Pooling money for a pickup was mutually beneficial, both from an economic perspective as the people putting in money would receive a better deal, and because assisting with these transactions helped sustain and cement social relationships. There is also risk involved in providing this help due to criminalization. These helping behaviors are complex, as they comprise elements of assisting others to procure drugs and self-interest in acquiring free drugs.

Additionally, some SSWs were observed helping their clients to negotiate the vagaries of drug markets that lack formal dispute resolution procedures. For example, Sandra, a SSW who did not formally sell drugs, explains how she would often help to procure drugs for Satellite Site clients who were unable to buy drugs due to disputes or unpaid debts with drug sellers:

Service users know that I do have a good rapport with dealers, and good credit. So sometimes, that will come up, like, you know, 'Oh, well, you get it and then I'll pay you’. (Interview with SSW 10)
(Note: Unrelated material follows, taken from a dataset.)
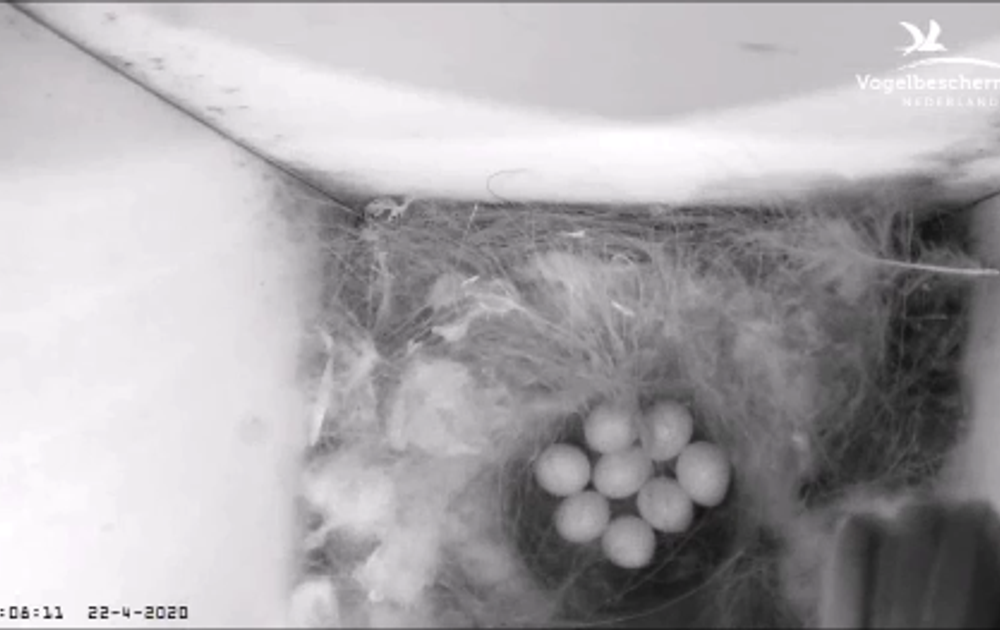 Vandaag heeft vrouw koolmees haar achtste ei gelegd, en gezien het feit dat ze meteen is gaan broeden lijkt het erop dat het legsel compleet is. Morgenochtend zullen we het echter zeker weten. Vandaag heeft ze 436 minuten (7:26u) gebroed

The Satellite Site program was built around the practices of care surrounding harm reduction equipment distribution within communities of PWUD. By recognizing the importance of drug buying and selling in the lives of PWUD, the practices of care circulating between SSWs and their clients around drug procurement can be rendered visible. Revealing the diversity of relationships and arrangements that surround drug selling may contribute to decreasing the pathologization associated with this often stigmatized practice (37, 47). The following field note from a busy Satellite Site provides an example of how social supply networks function, and how a SSW was motivated to assist in the procurement of drugs out of a desire to provide assistance to community members:

It’s Saturday night and we are at Bobby’s place, sitting in the living room with the TV on in the background. It’s been busy, with people coming in and out all night, picking up both injection kits and crack smoking kits. There is a knock on the door, and Bobby comes back with Stella. She says hello to me, as we hadn’t seen each other in a while. She turns to Bobby and somewhat sheepishly says, “Bobby, can I ask a favour? Would you mind getting some crack for me, a 40 piece? Your guy, it’s good stuff?” Tom perks up, and answers, “Oh yeah, it’s good. It’s a little grainy right now, like, it’s not big rocks, but it’s good.”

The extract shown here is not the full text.